## [WHAT IS REQUIRED]
Starting at the line with "I Carabinieri della" in it, reproduce each line below through the last one, exactly, and include nothing else.
============
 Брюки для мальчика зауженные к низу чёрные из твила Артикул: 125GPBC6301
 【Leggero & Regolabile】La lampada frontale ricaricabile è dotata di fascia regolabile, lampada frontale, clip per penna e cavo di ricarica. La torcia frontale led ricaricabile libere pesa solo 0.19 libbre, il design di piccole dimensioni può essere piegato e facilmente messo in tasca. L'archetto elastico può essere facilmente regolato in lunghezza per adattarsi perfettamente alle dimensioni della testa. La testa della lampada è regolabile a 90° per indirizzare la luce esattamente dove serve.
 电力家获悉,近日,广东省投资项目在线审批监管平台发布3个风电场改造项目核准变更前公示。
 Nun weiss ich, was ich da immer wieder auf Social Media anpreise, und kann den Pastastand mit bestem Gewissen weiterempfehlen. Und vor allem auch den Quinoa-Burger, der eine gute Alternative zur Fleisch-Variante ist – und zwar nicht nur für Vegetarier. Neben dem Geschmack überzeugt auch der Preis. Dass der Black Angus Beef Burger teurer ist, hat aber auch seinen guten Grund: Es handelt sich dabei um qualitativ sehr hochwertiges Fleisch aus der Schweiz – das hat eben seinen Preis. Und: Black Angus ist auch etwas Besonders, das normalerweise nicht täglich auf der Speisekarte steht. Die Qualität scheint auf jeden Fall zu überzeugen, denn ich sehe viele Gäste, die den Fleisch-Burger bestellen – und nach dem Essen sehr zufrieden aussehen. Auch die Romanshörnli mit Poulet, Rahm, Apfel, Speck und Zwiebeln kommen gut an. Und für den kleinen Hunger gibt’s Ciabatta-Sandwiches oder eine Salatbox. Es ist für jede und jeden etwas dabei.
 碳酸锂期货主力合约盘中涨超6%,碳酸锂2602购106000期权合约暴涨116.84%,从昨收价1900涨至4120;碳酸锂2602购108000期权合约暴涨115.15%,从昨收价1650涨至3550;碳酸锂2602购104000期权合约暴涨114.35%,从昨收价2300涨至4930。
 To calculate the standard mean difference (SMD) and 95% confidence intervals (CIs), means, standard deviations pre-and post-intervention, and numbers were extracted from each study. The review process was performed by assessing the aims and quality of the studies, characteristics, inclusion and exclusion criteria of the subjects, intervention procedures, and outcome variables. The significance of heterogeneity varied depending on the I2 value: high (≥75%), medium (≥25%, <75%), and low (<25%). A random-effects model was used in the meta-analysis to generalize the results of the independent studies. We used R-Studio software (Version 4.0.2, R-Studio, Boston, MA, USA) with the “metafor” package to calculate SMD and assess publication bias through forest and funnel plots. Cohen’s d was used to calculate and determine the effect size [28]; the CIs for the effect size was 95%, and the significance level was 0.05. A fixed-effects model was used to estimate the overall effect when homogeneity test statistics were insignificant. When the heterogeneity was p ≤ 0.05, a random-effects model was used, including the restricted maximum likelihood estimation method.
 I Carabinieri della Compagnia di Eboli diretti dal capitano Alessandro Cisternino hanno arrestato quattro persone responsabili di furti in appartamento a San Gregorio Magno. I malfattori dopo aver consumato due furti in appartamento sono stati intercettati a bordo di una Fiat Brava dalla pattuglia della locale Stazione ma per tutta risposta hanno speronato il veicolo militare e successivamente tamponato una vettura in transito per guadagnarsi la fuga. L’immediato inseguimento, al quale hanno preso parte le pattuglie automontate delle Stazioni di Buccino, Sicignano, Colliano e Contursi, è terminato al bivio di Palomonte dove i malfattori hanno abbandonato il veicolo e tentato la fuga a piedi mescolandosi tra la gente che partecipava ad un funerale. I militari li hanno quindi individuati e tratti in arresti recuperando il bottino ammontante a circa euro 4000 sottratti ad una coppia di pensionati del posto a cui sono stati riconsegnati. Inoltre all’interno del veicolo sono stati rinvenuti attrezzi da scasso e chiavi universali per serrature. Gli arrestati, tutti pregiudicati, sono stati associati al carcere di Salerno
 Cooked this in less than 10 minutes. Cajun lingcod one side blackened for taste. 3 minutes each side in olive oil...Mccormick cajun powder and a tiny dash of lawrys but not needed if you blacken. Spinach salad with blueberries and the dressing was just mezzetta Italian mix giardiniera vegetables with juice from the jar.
============
## [WRITTEN RESPONSE]
 I Carabinieri della Compagnia di Eboli diretti dal capitano Alessandro Cisternino hanno arrestato quattro persone responsabili di furti in appartamento a San Gregorio Magno. I malfattori dopo aver consumato due furti in appartamento sono stati intercettati a bordo di una Fiat Brava dalla pattuglia della locale Stazione ma per tutta risposta hanno speronato il veicolo militare e successivamente tamponato una vettura in transito per guadagnarsi la fuga. L’immediato inseguimento, al quale hanno preso parte le pattuglie automontate delle Stazioni di Buccino, Sicignano, Colliano e Contursi, è terminato al bivio di Palomonte dove i malfattori hanno abbandonato il veicolo e tentato la fuga a piedi mescolandosi tra la gente che partecipava ad un funerale. I militari li hanno quindi individuati e tratti in arresti recuperando il bottino ammontante a circa euro 4000 sottratti ad una coppia di pensionati del posto a cui sono stati riconsegnati. Inoltre all’interno del veicolo sono stati rinvenuti attrezzi da scasso e chiavi universali per serrature. Gli arrestati, tutti pregiudicati, sono stati associati al carcere di Salerno
 Cooked this in less than 10 minutes. Cajun lingcod one side blackened for taste. 3 minutes each side in olive oil...Mccormick cajun powder and a tiny dash of lawrys but not needed if you blacken. Spinach salad with blueberries and the dressing was just mezzetta Italian mix giardiniera vegetables with juice from the jar.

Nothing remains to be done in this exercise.